We stayed in building E overlooking construction but didn't find the noise that bad.  Yes, the resort and the views are gorgeous, but remember the beach is unusable on the Pacific side.  When we were there construction would finish by 5 pm, but I hear they stepped up evening work.  

If you would consider another romantic, smaller resort in Cabo, we like Cascadas de Baja on Medano Beach.  Not luxurious at all, but special in its own way.  The ocean is swimmable there, and you can also walk to town from there.


----------



## jules54 (Oct 13, 2013)

*Did you cancel?*

Did you cancel your exchange to Grand Solmar? Hope you did not and kept it to use for retrade at least. We stayed at Grand Solmar Nov. 2012 and it was great. Did have a bit of construction issue, but that was because they were working on a room right next to ours though the rock wall. A lot of drilling, but they did move us when we asked them to. Grand Solmar is hard to get into could not find it for our exchange this year. Construction did not bother us when we were at the pool or in the lobby. The WIFI did suck, but I would rather stay there then book through hotel or a travel site. I would think they would not have any problem moving you to Playa Grande as most I think are trying to do things the other way around. There are four resorts on the pacific side in a row by Grand Solmar, Solmar, Playa Grande, Finisterra, you can use all their pools and bars. Make sure you visit the whale watcher bar at Finisterra at sunset.
You would be happy at Casa Dorado on Medano which someone else stated. Also Villa Del Palmer is OK just asked for an Ocean View Room that has been remodeled. Also Cabo Villas Beach Resort is nice close to town and located on Medano also. I would stick with Cabo and not lose money changing airfare etc. I also would think the first week of Dec. is a very low travel season in Cabo and you could have your pick of rooms you requested.


----------



## VacationForever (Oct 13, 2013)

ada903 said:


> We come here 2-3 times per year at Grand Solmar and always know which fixed unit we are getting.  The resort villas and views are amazing and the staff very attentive, but I would not come here on an exchange without knowing my unit location.
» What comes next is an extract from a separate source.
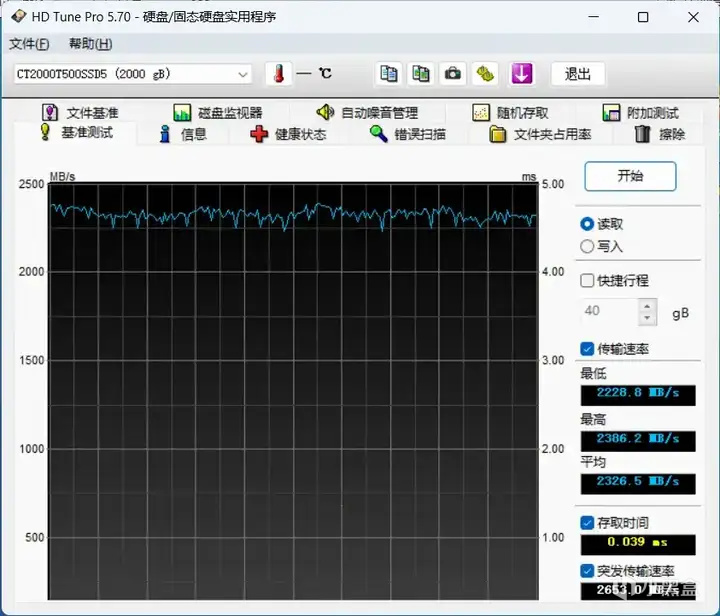 先来使用CrystalDiskInfo来看一下SMART信息。可以看到英睿达T500 为足容的2TB,甚至还超了0.3GB,并支持NVMe 2.0协议标准。通电时间为0小时,全新,全新。

How would you know the unit ahead of time on an II exchange?  I have a 1BR through II in Nov and now this thread is making me a little anxious.


----------



## bethy (Oct 14, 2013)

sptung said:


> How would you know the unit ahead of time on an II exchange?  I have a 1BR through II in Nov and now this thread is making me a little anxious.



Folks who know their specific unit ahead of time are most likely renting or exchanging directly with owners who have fixed units.  That's my guess anyway.  It's often the case that people who exchange into a resort are lowest on the totem pole for room assignments - behind owners and also people who are paying cash.

Jules thanks so much for your post and your PM.  I still haven't pulled the trigger on anything yet.  I don't want to make another mistake.  I do know for sure that I absolutely cannot stay at the Grand Solmar.  For this particular vacation I just really want as few hassles as possible.  I'm coming out of the most stressful 3 years of my entire life and so is my husband.  Having to negotiate with front desk people to get moved, etc might just put me over the edge.  I don't even want to waste 2 hours in the resort transfer process.  I just cannot go there this time.  So we are going to pony up $$ this time I think and eliminate as many risk factors as possible before we even arrive.  I think we will even opt for a non timeshare property just to eliminate the risk of being hassled by TS people.  I am one of those people who feels guilty when I say no and I don't need that.

Once the construction is done I would LOVE to stay at the GS!!!!

I like your suggestion of renting through an owner at a different resort.  I'm going to give it some thought.  But I don't know that I can take the uncertainty of sending someone $$ and worrying whether I'll have a reservation when I show up, etc.  I've done it once before and it was great.  But not sure about this time.


----------



## VacationForever (Oct 14, 2013)

bethy said:


> Folks who know their specific unit ahead of time are most likely renting or exchanging directly with owners who have fixed units.  That's my guess anyway.



...and I know she has gone there in II exchanges several times.


----------



## ada903 (Oct 16, 2013)

We have gone once on an II exchange in Oct 2011 and we sure hit the jackpot on that one, it was a 4 bedroom penthouse away from the construction zone, we had a blast!  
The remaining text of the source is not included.